Despite many setbacks, Donovan tries to clear his name, but even his wife does not believe that he will succeed. However, the real culprit is identified and Donovan reclaims his life and his old job.

==Cast==
- Barry Sullivan as Mike Donovan
- Dorothy Malone as Ruthie Donovan
- Charles McGraw as Gus Slavin
- Don Haggerty as Neil Sanford
- Mary Beth Hughes as Vera
- Don Beddoe as Herman Tate
- Dayton Lummis as Jim Starling
- Joanne Jordan as Georgia Hoard
- John Eldredge as Frank Temple
- Richard Reeves as Pete Mazurki / Tanner

==Reception==

===Film noir analysis===
Film critic Dennis Schwartz explains why Loophole is considered a film noir: "The poignancy of the story is in how an innocent, hard-working person like Mike, could have his whole life turned upside-down over an incident where he makes an error in judgment. When he tells his boss (Lummis) about it, he has no explanation why he didn't report it immediately except he couldn't understand how so much money was missing. This slip-up is why Mike becomes a noir protagonist, though he doesn't have the dark side to his character this genre usually calls for...[and] his life turns into hell when, even though he is not charged with anything, the bonding company that must insure him cancels his certification and the bank is forced to fire him. Not only can't he get bonded so he can get another teller's job, but the bond company puts a mean-spirited insurance investigator on his tail, Gus Slavin (Charles McGraw). Slavin is convinced Mike is guilty and tails him everywhere, and when Mike gets a job he informs the boss on him and Mike is always promptly fired."

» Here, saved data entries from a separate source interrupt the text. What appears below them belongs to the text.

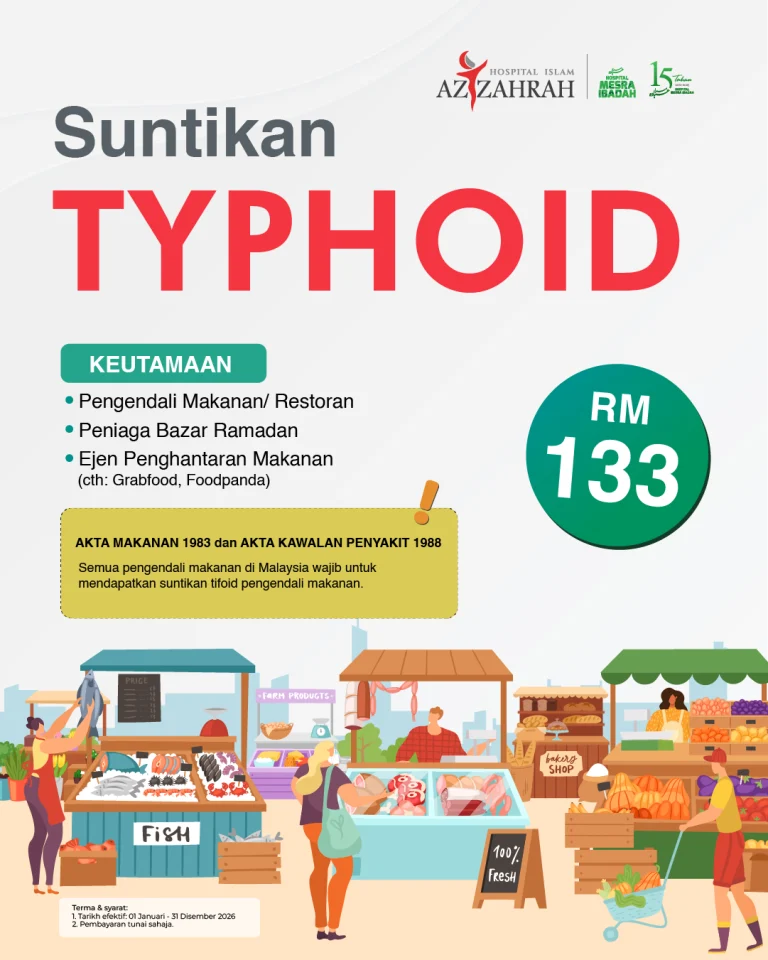 Menurut Akta Makanan 1983 & Akta Kawalan Penyakit 1988, semua individu yang bekerja dalam sektor makanan wajib mendapatkan Suntikan Typhoid bagi mencegah penyebaran penyakit tifoid.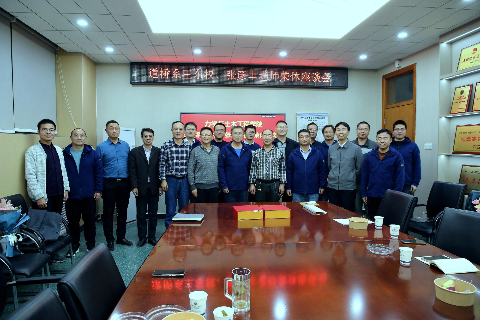 11月25日下午,道桥系在学院A220会议室举办了王东权、张彦丰两位老师荣休座谈会,院党委书记马占国、副书记李智以及道桥系全体教师参加了会议,会议由系支部书记柳志军主持。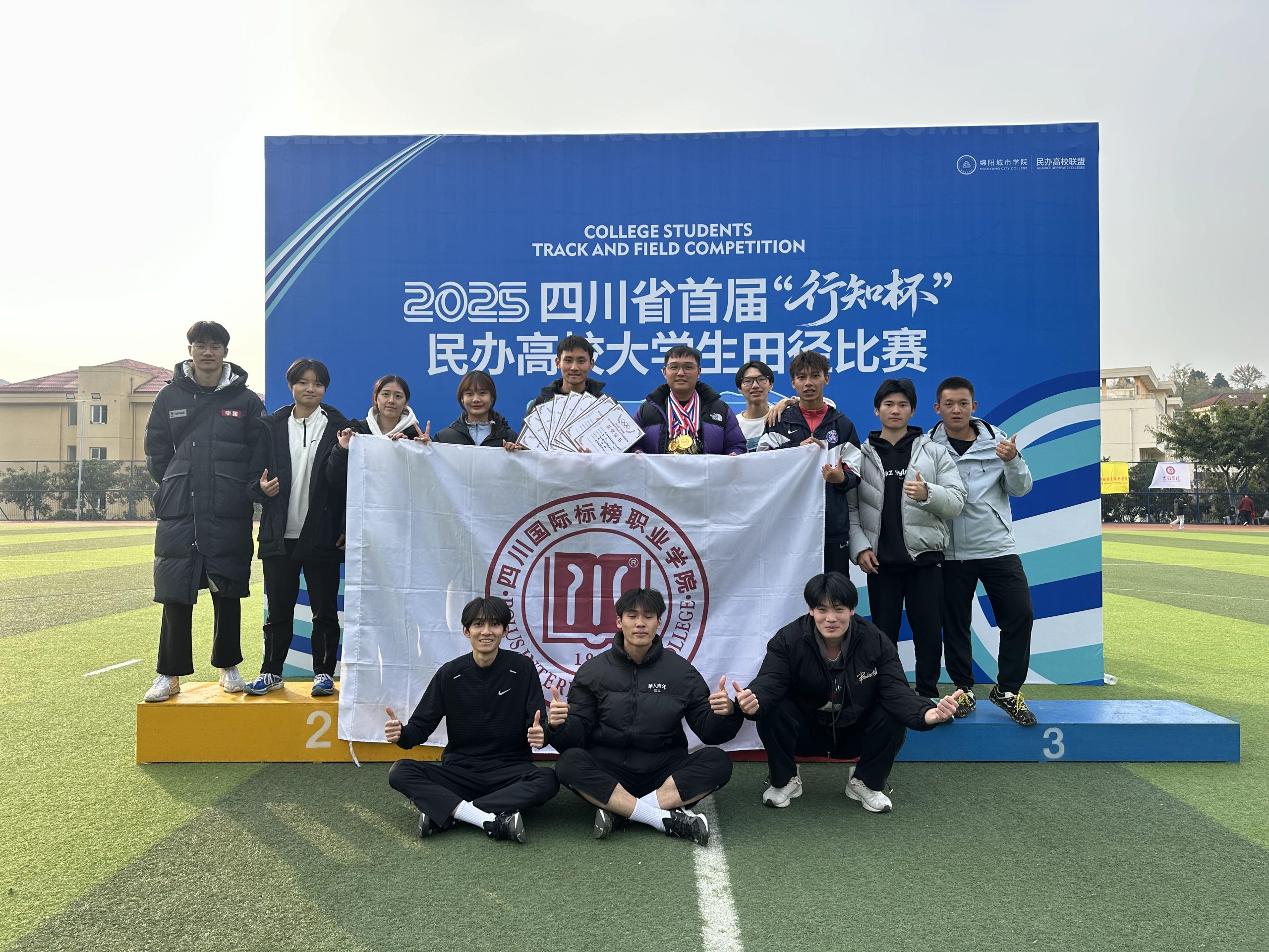 2025年11月21-22日,四川省首届“行知杯”民办高校大学生田径比赛在绵阳城市学院开赛。此次比赛由四川省教育厅指导,四川省民办高校体育联盟主办,绵阳城市学院承办,来自四川省各地22所高校参加比赛,我校田径代表队在领队崔燕老师,教练员张杰、周凯老师的指导下参加了本次比赛。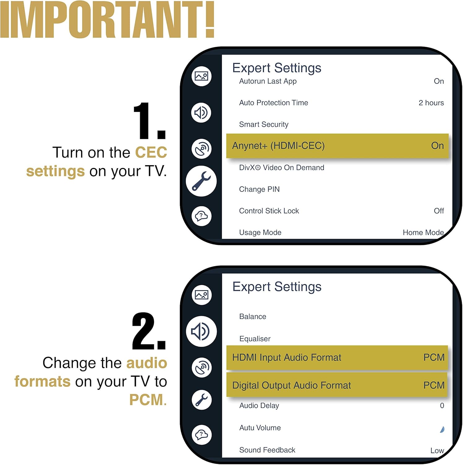 - HD Audio Return Channel FUNCTION: Please check the pictures for CEC/PCM setting guidance. Please help make sure to enable your TV’s CEC and choose PCM as audio format under expert setting on the TV. The HD Audio Return Channel on the SWM15-PROS karaoke mixer allows you to extract the audio from the TV to the mixer. This allows the mixer to blend the music and vocal, and send the mixed signals to a soundbar or amplifier (HDMI cable is not included)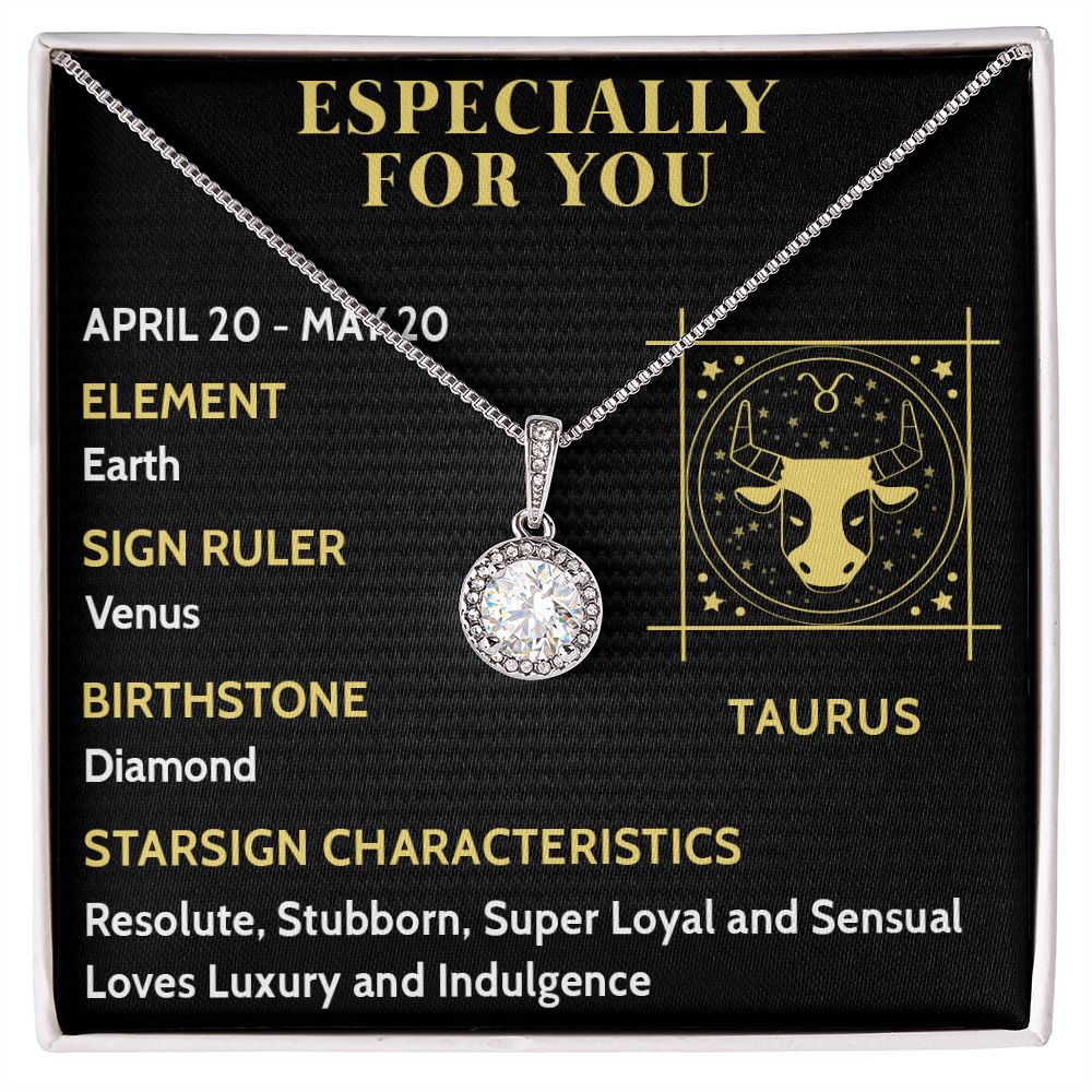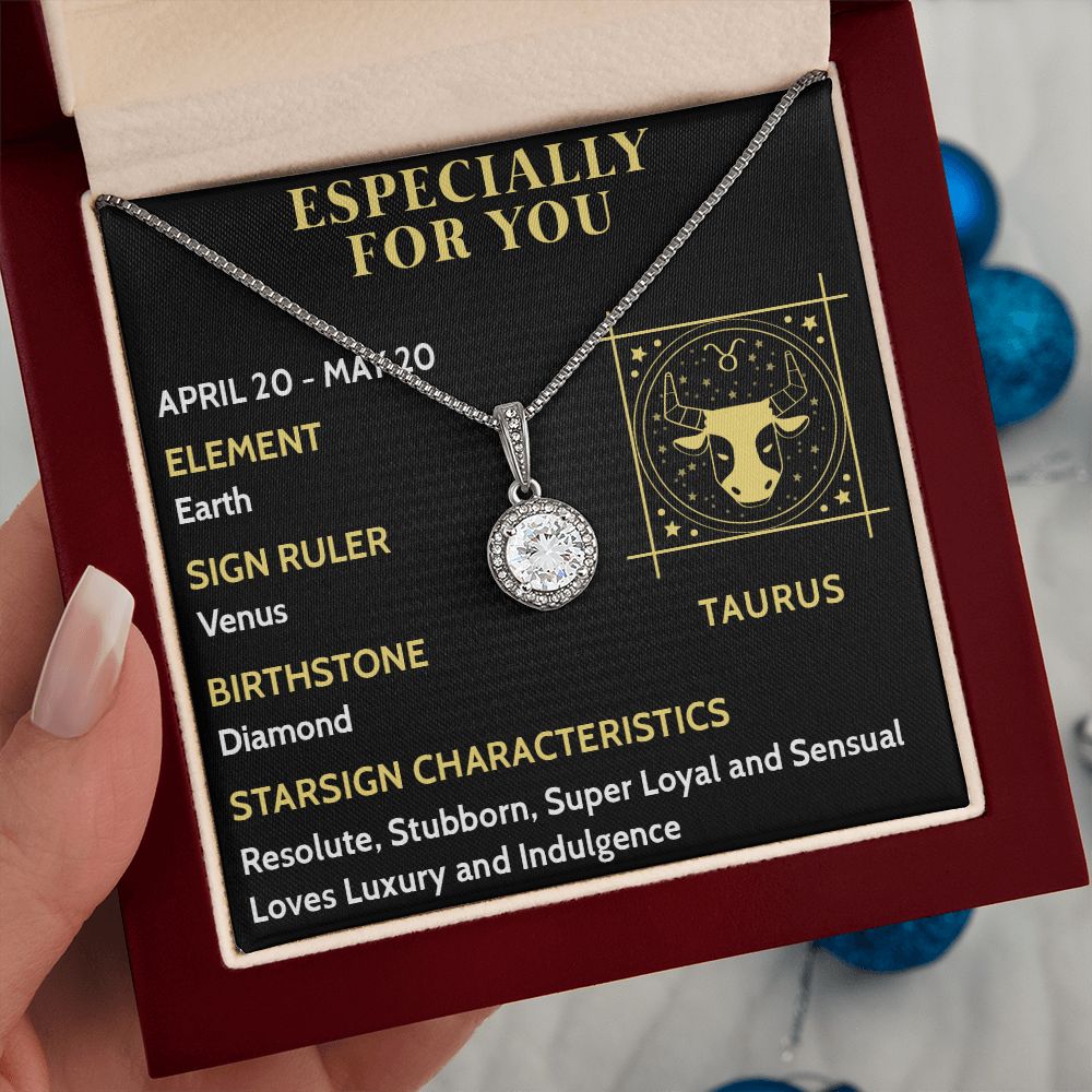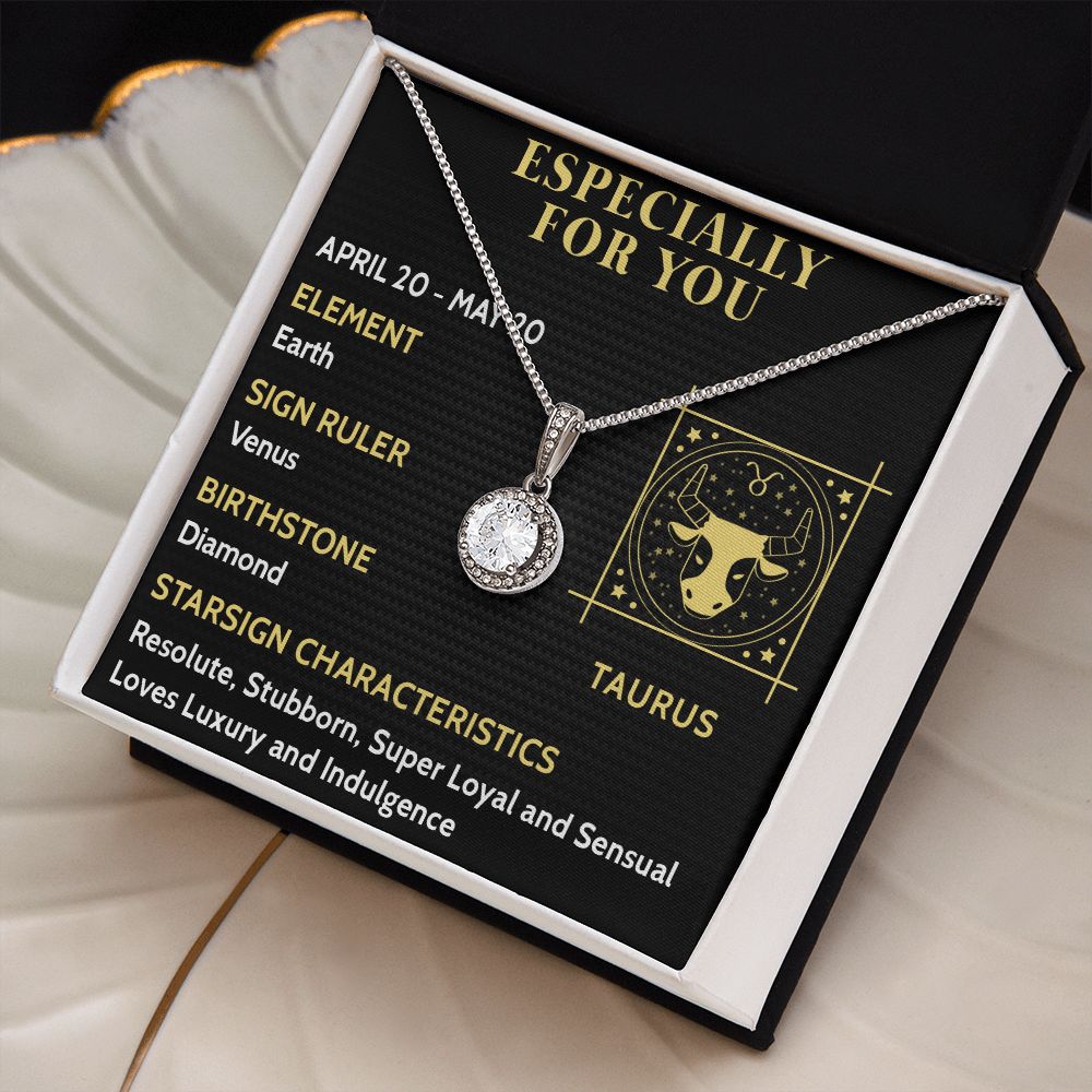 ESPECIALLY FOR YOU, TAURUS MESSAGE CARD WITH ETERNAL HOPE NECKLACE, ZODIAC MESSAGE CARD, GIFT FOR HER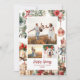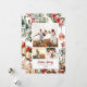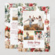Dela säsongens magi med detta eleganta julkort med en vacker collage-layout för tre familjefoton på framsidan och ett anpassningsbart meddelande på baksidan. Designen blandar traditionella julmotiv – frodiga gröna botaniska detaljer, röda bär, gyllene klockor, inslagna presenter och en charmig nötknäppare – allt mot en mjuk, målerisk bakgrund.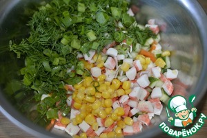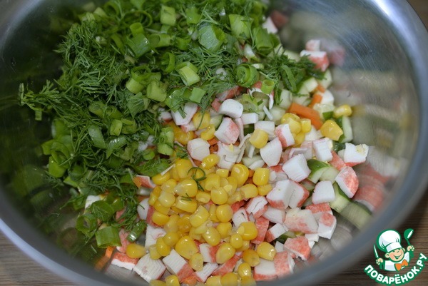 Рецепт «Салат с корейской морковью и крабо-палочками»: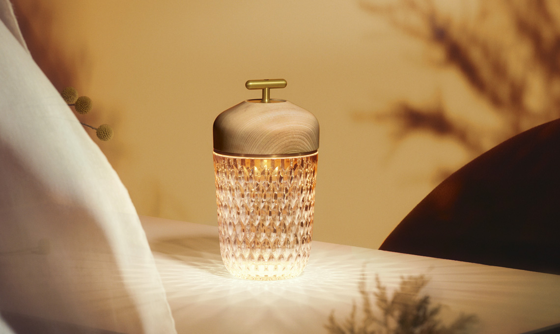 La baladeuse Folia è un’elegante lampada nomade, disegnata da Noé Duchaufour-Lawrance per Saint-Louis. Un condensato di tecnologia al servizio del cristallo che senza il vincolo del cavo elettrico contiene una luce a LED autonoma. Può essere utilizzata sia in interni sia all’esterno. Il cristallo è lavorato a tagli obliqui a “ugnatura” disposti a scala che creano un motivo geometrico che la luce interna demoltiplica e proietta creando sorprendenti effetti luminosi.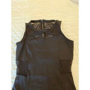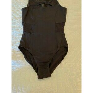 Womens Swimsuit One Piece Size ?? Large Black w/zipper & Lace Inserts Pool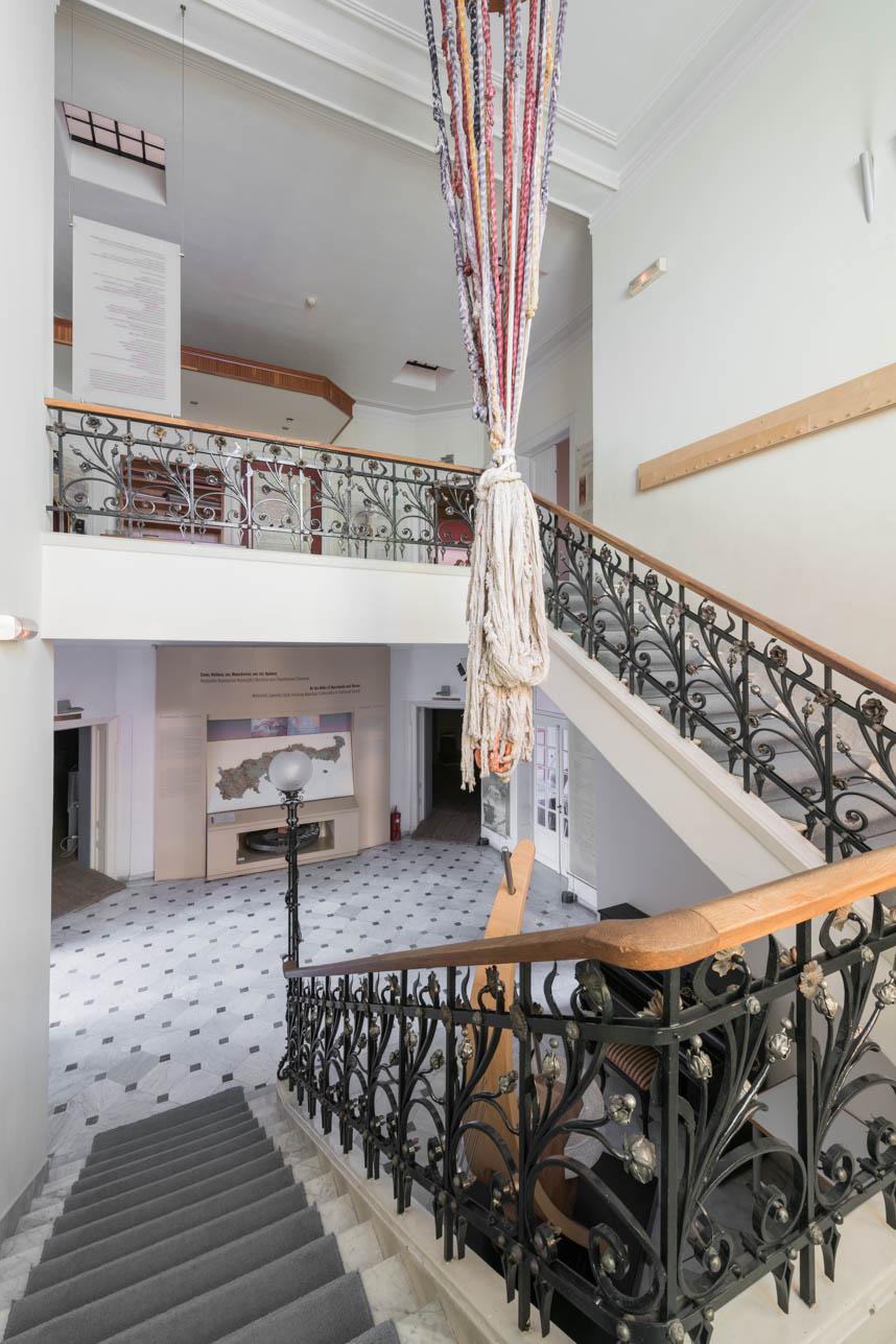 Ένα μεγάλο πολύχρωμο υαλογράφημα με θέμα τον Παράδεισο, μοναδικό σωζόμενο δείγμα βιτρό ιδιωτικής κατοικίας της Θεσσαλονίκης, εξυπηρετεί τις ανάγκες φωτισμού του κεντρικού κλιμακοστασίου της έπαυλης.

Eddie Muller of the Film Noir Foundation made this analysis: "Made at the tail end of the McCarthy era, Loophole replaced fear of criminals with fear of authority run amok. McGraw exemplified the scary establishment torpedo, whether it's an insurance investigator, a Commie-hunting Fed, or a self-righteous cop. There was no distinction between 'law-abiding' McGraw and the ruthless torpedo he played in T-Men: Either way, he's cruel for the hell of it, relishing the license he's granted to torture citizens, guilty or not."